Besides, in the big data era, real-time recommendations may become a new norm because real-time recommendations:
- Allows both customers and businesses to gain real-time insights
- Enable rapid development
- Perform real-time analytics
2 What is “Yelper”?
Based on the dataset provided by the “Yelp Challenge 2016”, “Yelper” is a system that:
- Performs preprocessing by dividing business data by cities to allow fine tuned and customized recommendations
- Uses collaborative filtering based recommendation using Spark MLlib
- Generates user-business graph visualizations using D3 and graph-tool library
- Performs user-business graph analysis using Spark GraphX in Scala
- Handles real-time user request handling simulation using Spark Streaming and Apache Kafka
- Creates a Google Map view to recommend high rated businesses for users
The rationale for building Yelper is that:
Data scientists should not only know how machine learning works, but they also need to be prepared for the incoming new norm: the large scale streaming data mining and analytics in the big data era.
The GitHub page can be found here: https://github.com/sundeepblue/yelper_recommendation_system
Slides: Presentation slides
3. Components and technical stack to build Yelper
There are 5 major components to build Yelper, as shown below. Here is the overall flowchart of what happens.
3.1 Data preprocessing
Yelper was built based on the Yelp Challenge 2016 Dataset, which includes:
- 2.7M reviews and 649K tips by 687K users for 86K businesses
- 566K business attributes, e.g., hours, parking availability, ambiance
- Social network of 687K users for a total of 4.2M social edges
- Aggregated check-ins over time for each of the 86K businesses
- 200,000 pictures from the included businesses
Our system mainly relies on two data sets: the 687K users and the 86K businesses. We performed two preprocessing steps (Python source code):
- Map the raw IDs in ASCII string format for both user data and business data into integer indices
- Split the business data by nine major cities (see sample structure of splitting by cities): us_charlotte, us_lasvegas, us_madison, us_phoenix, us_pittsburgh, us_urbana_champaign, canada_montreal, germany_karlsruhe, uk_edinburgh
In Yelper, we deliberately created all business IDs as integers in range [0, 1M] (M means million), while all user IDs are in range [10M, +∞], because we have much more user IDs than business IDs. In this way, we can use the cutoff value 10M (=10000000) to check if an ID is associated to a user. To sum up, using integer number as ID (such as 3234) instead of a raw string (eg., “G8qH6TbfEhoYmS9KZM2Hfg”) has several advantages:
- Building the graph using Spark GraphX requires that all nodes and edges have an integer ID
- Exported CSV or JSON files of either user data or business data became much smaller, leading to faster loading and manipulation
- It was easy to differentiate the user id and business id just by a threshold.
Splitting business data by cities has the following advantages:
- Making each city have its own recommendation model allows customized recommendation
- Model training becomes faster since city-wise data is smaller than the totality
- City-wise model tuning becomes manageable
- Scalability is possible.
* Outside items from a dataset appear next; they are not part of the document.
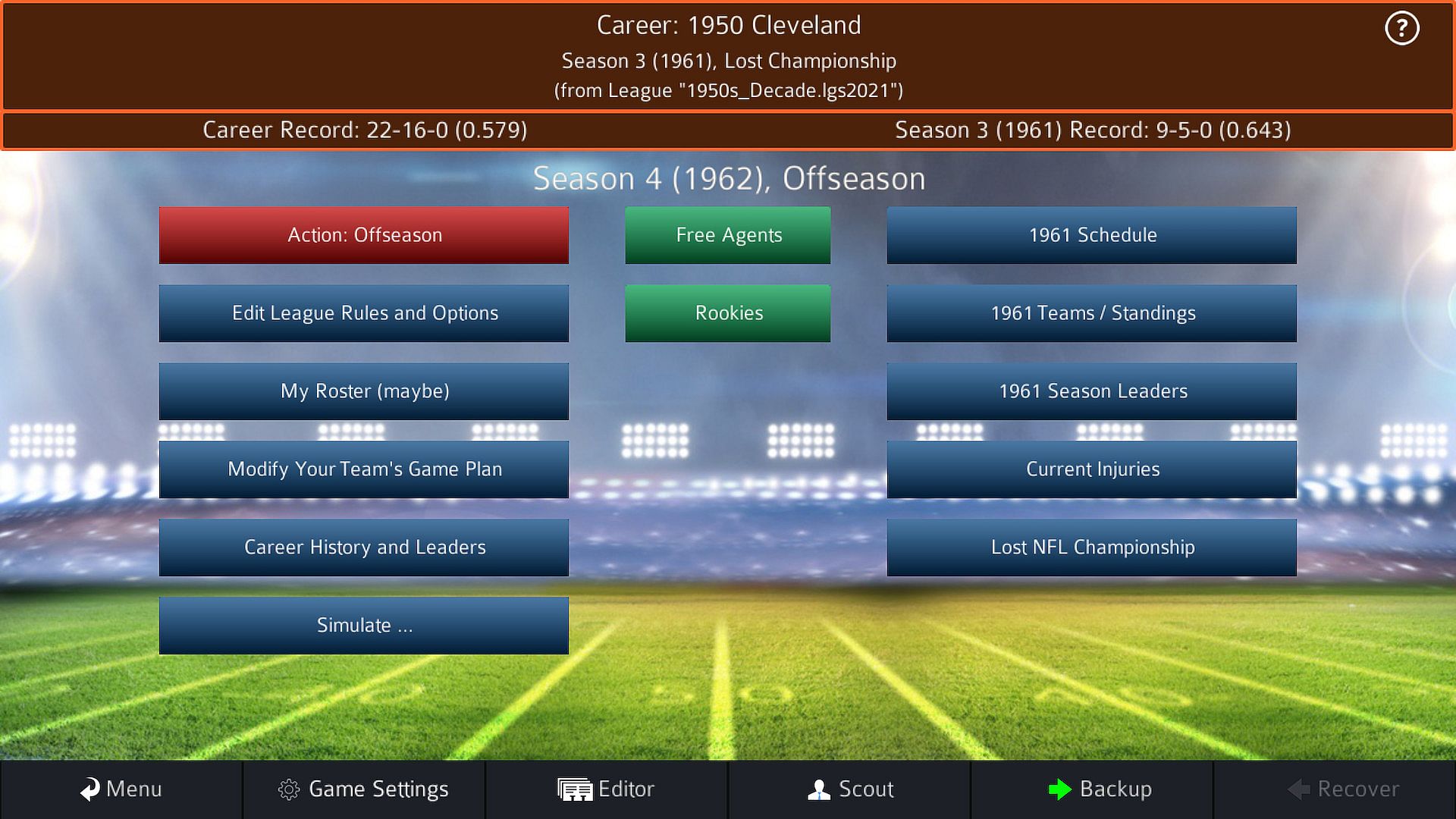 Easily create the actual 1976 league and season schedule, for example, and play a season or even a career! And now, you can change the number of wildcard teams! Each season, you can load the actual schedules (or scramble teams) and choose the playoff formats!
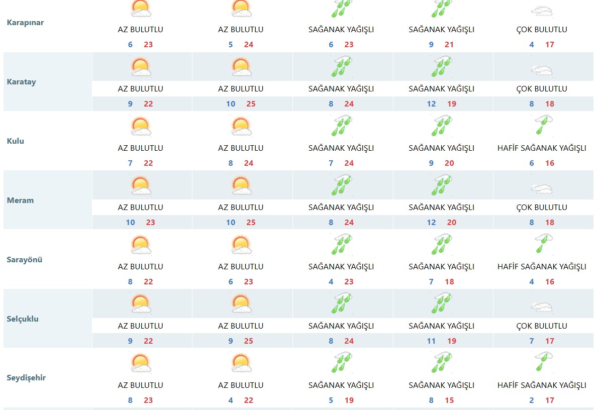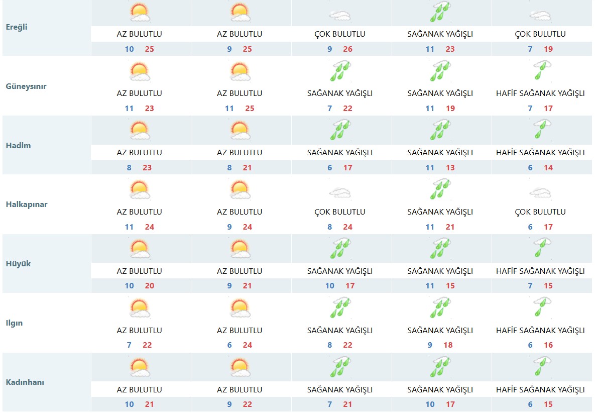İŞTE KONYA İLÇE İLÇE HAVA DURUMU
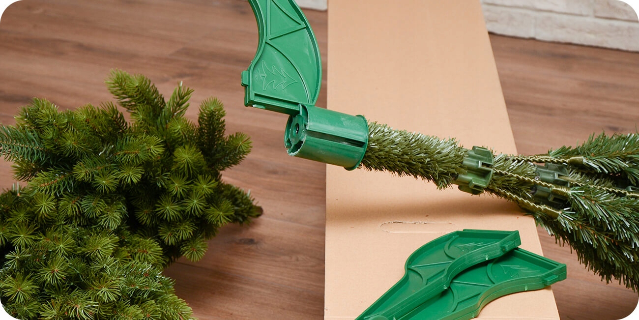 З міркувань безпеки під час транспортування основа ялинки розбирається та потребує ручного складання.

Remember there are thousands of cities all over the world
- It does not make sense to build one single recommendation model to handle all world cities since, like human, each city has its own “gene”
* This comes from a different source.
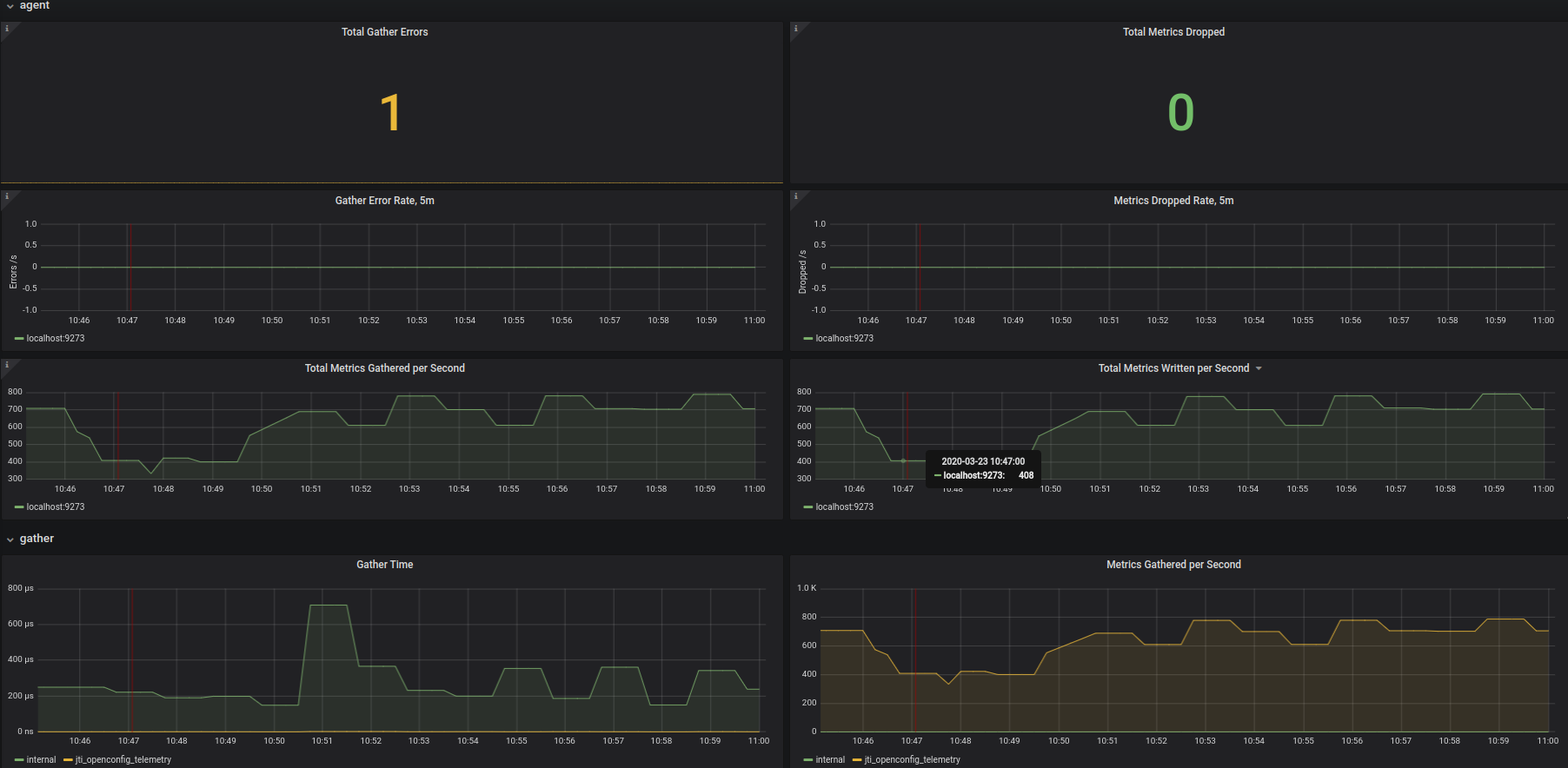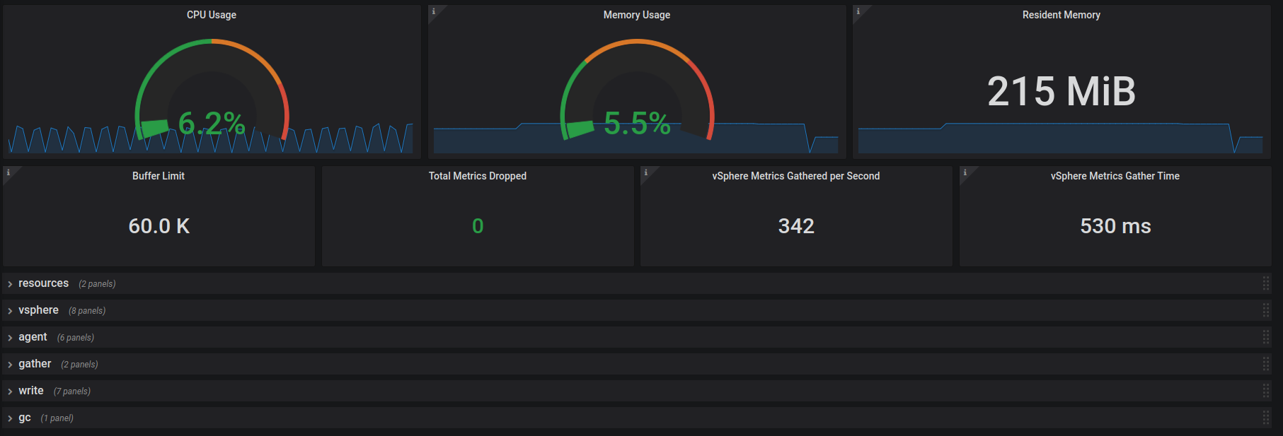 Shows internal Telegraf metrics exposed to the Prometheus output plugin.

3.2 Low-rank matrix factorization
We want to recommend the most highly-rated businesses to users. There are mainly two types of algorithms used for recommendation systems:
- Collaborative filtering based algorithm, such as low-rank matrix factorization, SVD, etc
- Content-based recommendations
Both algorithms have pros and cons. For simplicity and fast prototype, we explored the first one in Yelper. If we have more time, it is not difficult to integrate the second one into our system, which will be discussed in the final section.
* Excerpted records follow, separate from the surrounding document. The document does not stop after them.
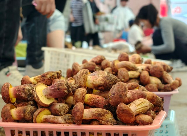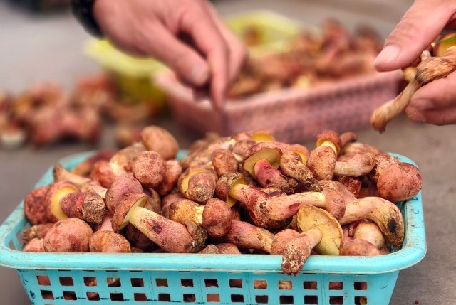 目前在售野生菌大多产自云南,预计6月中旬,野生菌将大量涌入,全国各地的野生菌都会进入市场销售。“目前市场上的野生菌大部分来自文山、普洱等地,还有少部分来自香格里拉,昆明周边地区野生菌还未上市。”一名商户说,“我卖得最好的是见手青和谷熟菌,每天要卖几十公斤,价格根据当天野生菌的品相和质量有所变化”。
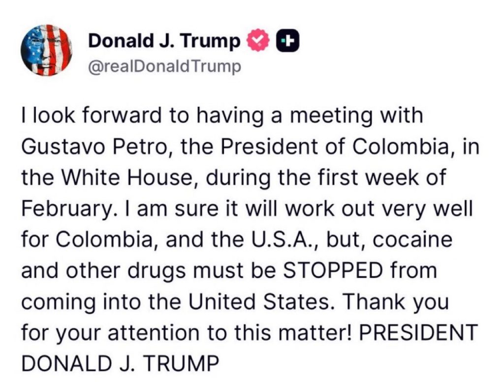 “Estoy seguro de que [la visita] saldrá muy bien para Colombia y para Estados Unidos, pero la cocaína y otras drogas deben SER IMPEDIDAS de ingresar a Estados Unidos”, escribió Trump en su plataforma Truth Social.
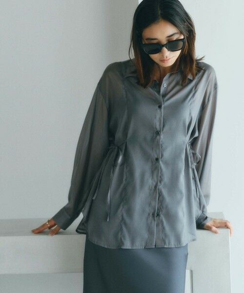光沢のあるシアー素材を使用したルーズオーバーシャツ。ウエストに施された共生地リボンコードにより、シルエットを自在に変えられるのが魅力です。ストレートに着ればリラックス感のある大人のカジュアルスタイルに、ウエストを絞ればエレガントな印象に。ニュアンスカラーが大人のこなれ感を演出します。ゆとりのあるシルエットで、1枚で着用するのはもちろん、軽い羽織としても活躍する1着です。
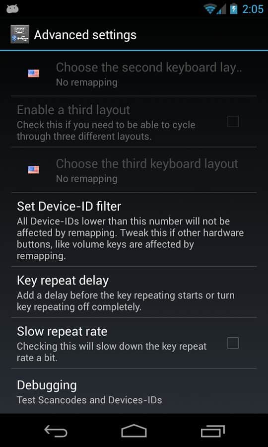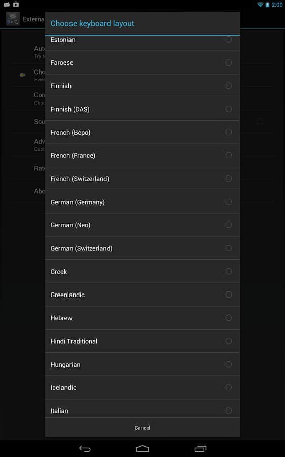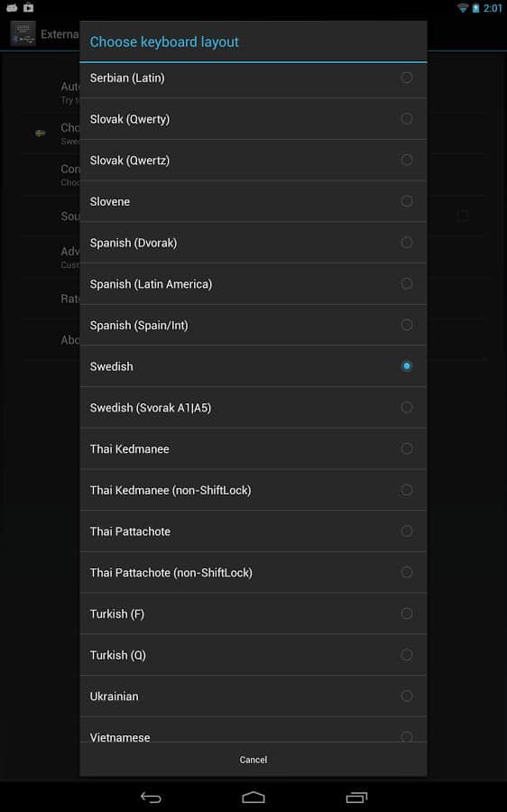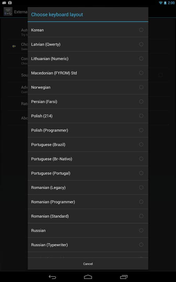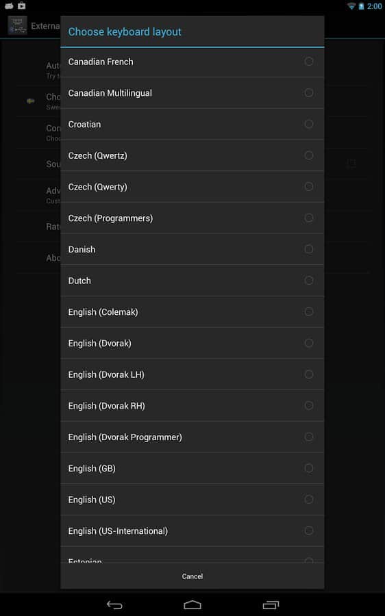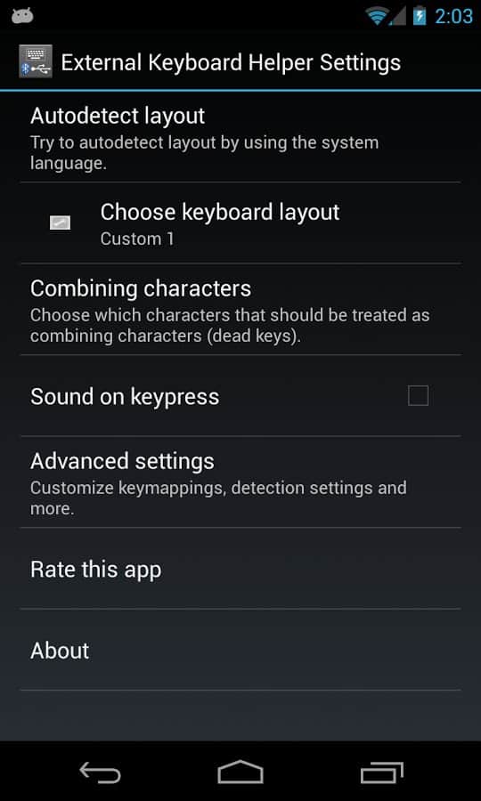 External Keyboard Helper Pro - el programa te permite mantener el control sobre un teclado externo Bluetooth o USB para Android. En el momento de encender/apagar el teclado externo, te informa automáticamente sobre ello, soporta una gran cantidad de distribuciones y, lo más importante, tiene muchas configuraciones.

Technically, we use Spark MLlib to train the ALS-based collaborative filtering models in Yelper (Python source code). Below are several brief steps:
- Load the city-wise user-business-star tuple file F by Spark (sample tuple for Las Vegas)
- Divide the F into three parts, 60% for training, 20% for testing, and 20% for validation using Spark MLlib
- Setup several rank values (such as 4, 8, 12) as the tuning parameter, perform cross-validation to find the best rank that leads to minimal Residual Mean Squared Error (RMSE)
- Generate the best model using the best rank
- Export the best model to a directory under the corresponding city name (sample trained model for Las Vegas)
For the last step above, persisting the city-wise models to disk (or cloud) is a good choice, because we can compress, transfer, distribute, or cache those models.
3.3 Dynamic network visualization
We are particularly interested in analyzing the user-business interaction and gaining city-level insights. Why do we want to do this? Below are two assumptions:
- Generally speaking, the more businesses a city has, the more prosperous a city will be
- The more customers (residents, tourists, population, etc) a city has, the more businesses a city will need to have to sustain the needs
We build city-wise user-business network graphs in the following steps:
- Extract connected components using Spark GraphX (Source code in Scala)
As an example, the dynamic user-business network graph of the city Madison (US) is shown below. Each node is either a user (in green color) or a business (in blue color). If a user u rated a business b, then there is an edge from u to b, namely, u –> b. For the city of Madison, there are in total more than 10K edges, and unfortunately, the library D3.js cannot handle and render such a large number of nodes and edges. Thus we randomly selected only a small number of edges to be rendered in Chrome.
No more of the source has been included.